FORMULÁRIO DE APRESENTAÇÃO DE UMA INICIATIVA DE CIDADANIA À COMISSÃO

1.

Título da iniciativa de cidadania:

2.

Número de registo atribuído pela Comissão:

3.

Data de registo:

4.

Número de declarações de apoio válidas recebidas (deve ser pelo menos de um milhão):

5.

Número de subscritores certificados por Estado-Membro:

 

BE

BG

CZ

DK

DE

EE

IE

EL

ES

FR

IT

CY

LV

LT

LU

Número de subscritores

 

 

 

 

 

 

 

 

 

 

 

 

 

 

 

 

HU

MT

NL

AT

PL

PT

RO

SI

SK

FI

SE

UK

TOTAL

Número de subscritores

 

 

 

 

 

 

 

 

 

 

 

 

 

6.

Nome completo, endereço postal e endereço electrónico das pessoas de contacto (1):

7.

Indicar todas as fontes de apoio e financiamento da iniciativa, incluindo o montante do apoio financeiro no momento da sua apresentação (1):

8.

Declaramos que as informações fornecidas no presente formulário são correctas.
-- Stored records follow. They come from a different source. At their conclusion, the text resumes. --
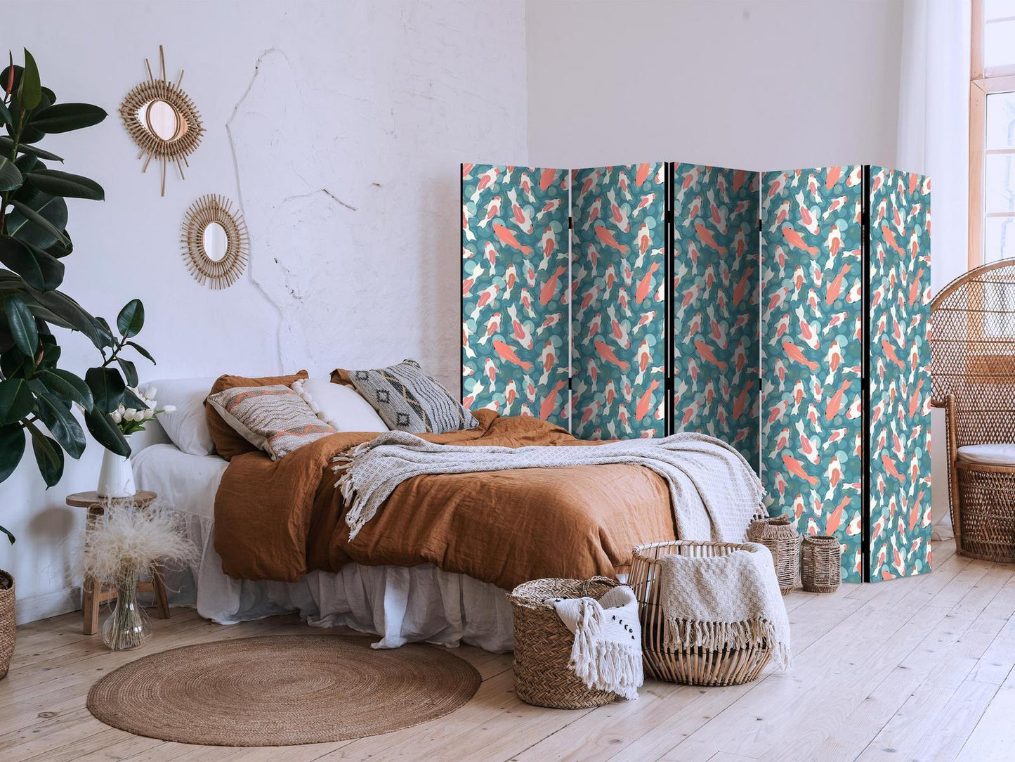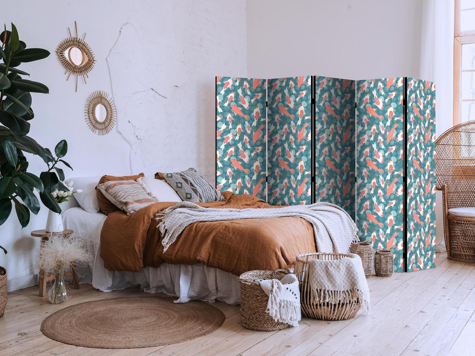 Paravents sind hervorragende Dekorationselemente, die auf vielfältige Weise eingesetzt werden können. Sie verbinden perfekt Funktionalität und originelle Ästhetik. Aus diesem Grund sind sie sehr beliebt. Der Hauptvorteil ist, dass diese Dekoration einen Raum unterteilen kann, ohne dass Renovierungsarbeiten erforderlich sind. Im Folgenden finden Sie die Vorteile dieses Gestaltungselements – lassen Sie sich davon für Ihre Einrichtung inspirieren. Sie können die Paravents aus unserem Sortiment in drei Varianten kaufen, und jede von ihnen erfüllt eine interessante Funktion: Paravent – einseitig bedruckt, Paravent – doppelseitig bedruckt, Akustischer Paravent. Dies ist ein klarer Beweis dafür, dass die Trennwände auch sehr nützlich sind. Viele Menschen verwenden sie zum Beispiel, um einen Raum optisch zu unterteilen oder einen Teil davon zu verbergen. Der Raumtrenner ist auch häufig in Wirtschaftsräumen zu finden, zum Beispiel in einem Friseursalon, einem Boutique oder einer Arztpraxis. Jeder schätzt die Ästhetik und den praktischen Nutzen dieser Dekoration. Mit Raumteiler Paravent "Paravent - Oriental Pond - A Cluster of Japanese Fish Swimming in Crystal Clear Water with Glimmers of Light" können Sie Räume in Zonen aufteilen – das Schlafzimmer in Schlaf- und Garderobenbereiche, das Wohnzimmer in Sitz- und Essbereiche. Gestalten Sie Ihre Home-Office-Ecke und grenzen Sie den Bürobereich im Wohnzimmer mit einem stilvollen Raumteiler ab. Wie Sie es verwenden, hängt von Ihrer Phantasie, Ihren Bedürfnissen und Vorlieben ab.
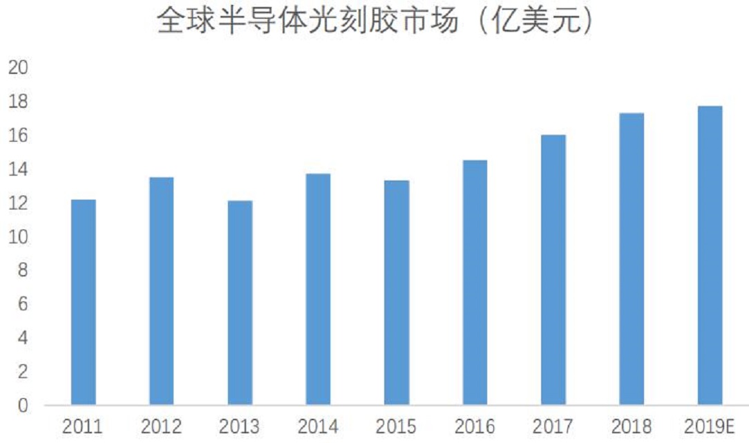 由于半導(dǎo)體光刻膠主要應(yīng)用于半導(dǎo)體制造,故半導(dǎo)體光刻膠市場與對應(yīng)晶圓廠產(chǎn)能密切相關(guān)。根據(jù)SEMI公布數(shù)據(jù),2018年全球半導(dǎo)體光刻膠市場共17.3億美元,同比增長2.3%。自2016年來,全球光刻膠市場年均復(fù)合增長率為9.23%。
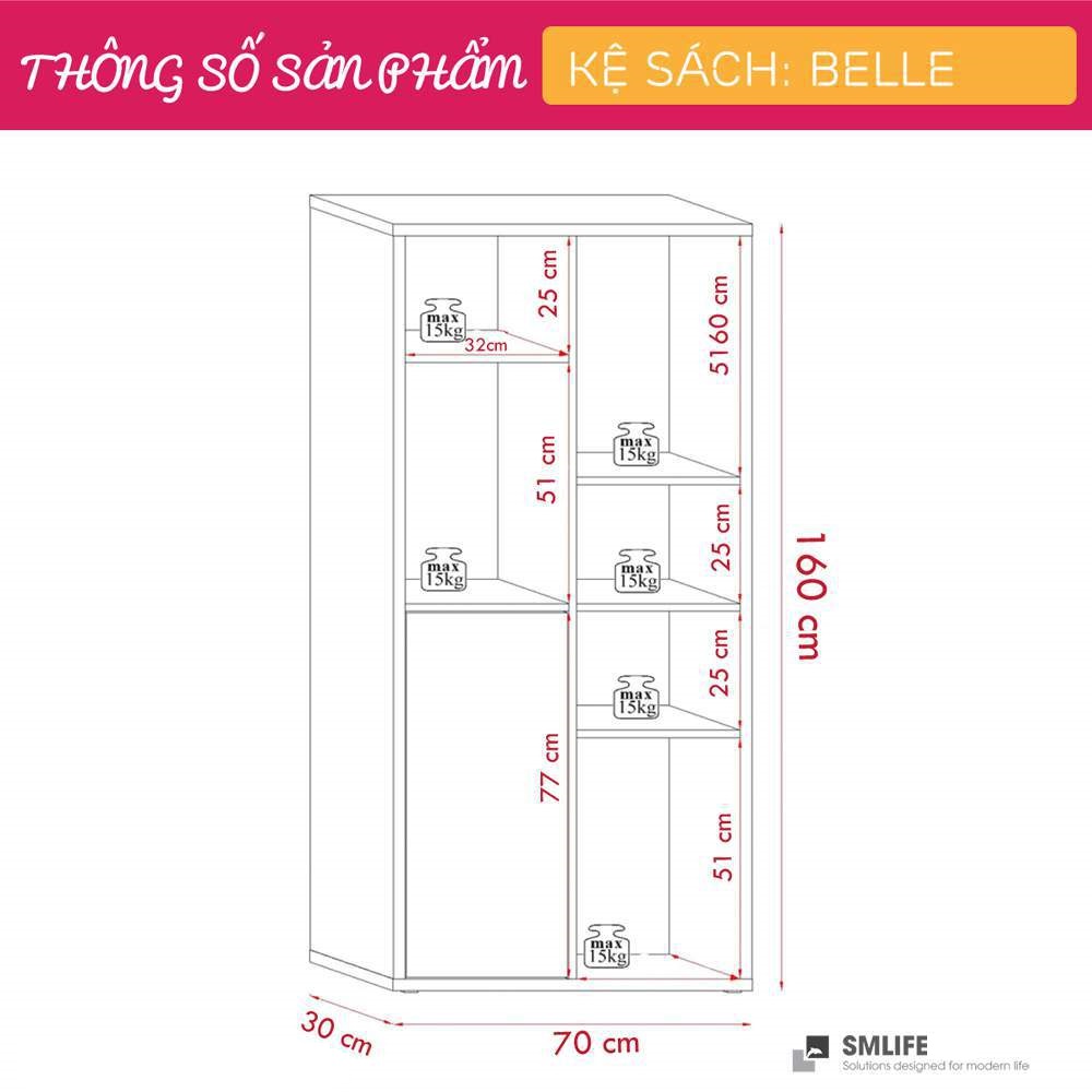 Kệ sách Belle được ví như một tác phẩm nghệ thuật với phong cách đơn giản sẽ giúp bạn xắp sếp những cuốn sách một cách sành điệu và độc đáo. Kệ sách Belle mang đến sự tinh tế, hiện đại cho phòng khách của bạn và đồng thời cung cấp một không gian lớn cho các vật dụng trang trí. Sản phẩm phù hợp cho mọi phong cách trang trí căn hộ và văn phòng làm việc. Sử dụng vật liệu ván ép công nghiệp MDF chống ẩm phủ Melamine cao cấp giúp kệ sách SMLIFE có độ bền cao, chống trầy và chống ẩm rất tốt. Bạn có thể tự lắp đặt sản phẩm dễ dàng với các phụ kiện và hướng dẫn đi kèm.
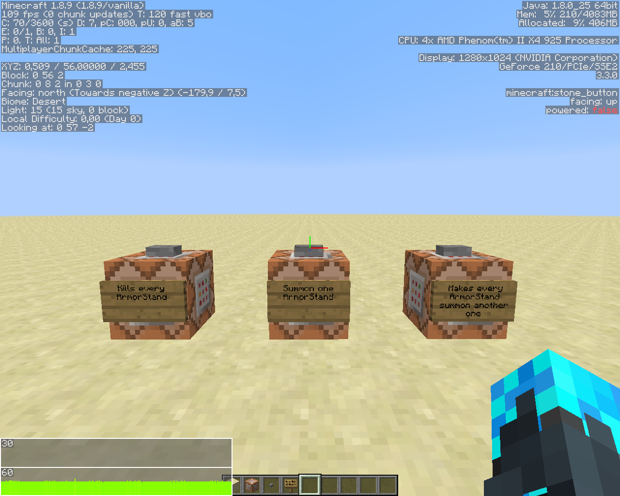 So for each version, I first activate the second Command Block (so 1 ArmorStand spawn). After what I activate the third Command Block many times, so the number of ArmorStand increase like 2^n.
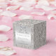 Personalized elegant custom silver favor boxes for weddings or gender neutral baby showers with a beautiful printed silver sequins pattern, a cute shiny silver printed bow and ribbon and pretty printed diamond bling jewel. Text, font and color of font can all be customized. If you need assistance customizing your product please contact me through my store. I will be happy to help. I have matching products in my store.
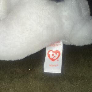 Vintage 2000s TY Beanie Baby Marcel — a soft, black and white dog plush with sewn-in tag only. This adorable collectible is in excellent used condition, perfect for Beanie Baby collectors or fans of nostalgic plush toys. No swing tag included. A classic piece from the beloved Beanie Baby line, Marcel makes a great gift or addition to any plush collection.

Data e assinatura das pessoas de contacto:

9.

Anexos:

(incluir todos os certificados)


(1)  Declaração de privacidade: Nos termos do artigo 11.o do Regulamento (CE) n.o 45/2001 do Parlamento Europeu e do Conselho, de 18 de Dezembro de 2000, relativo à protecção das pessoas singulares no que diz respeito ao tratamento de dados pessoais pelas instituições e pelos órgãos comunitários e à livre circulação desses dados, as pessoas em causa são informadas de que estes dados pessoais são recolhidos pela Comissão para efeitos do processo relativo à proposta de iniciativa de cidadania. Só serão publicados no registo electrónico da Comissão os nomes completos dos organizadores, os endereços electrónicos das pessoas de contacto e as informações relativas às fontes de apoio e financiamento. As pessoas em causa têm o direito de se opor à publicação dos seus dados pessoais por razões imperiosas e legítimas relacionadas com a sua situação particular, e de requerer a rectificação desses dados em qualquer momento, bem como o seu apagamento do registo electrónico da Comissão depois de expirado o prazo de dois anos a contar da data do registo da proposta de iniciativa de cidadania.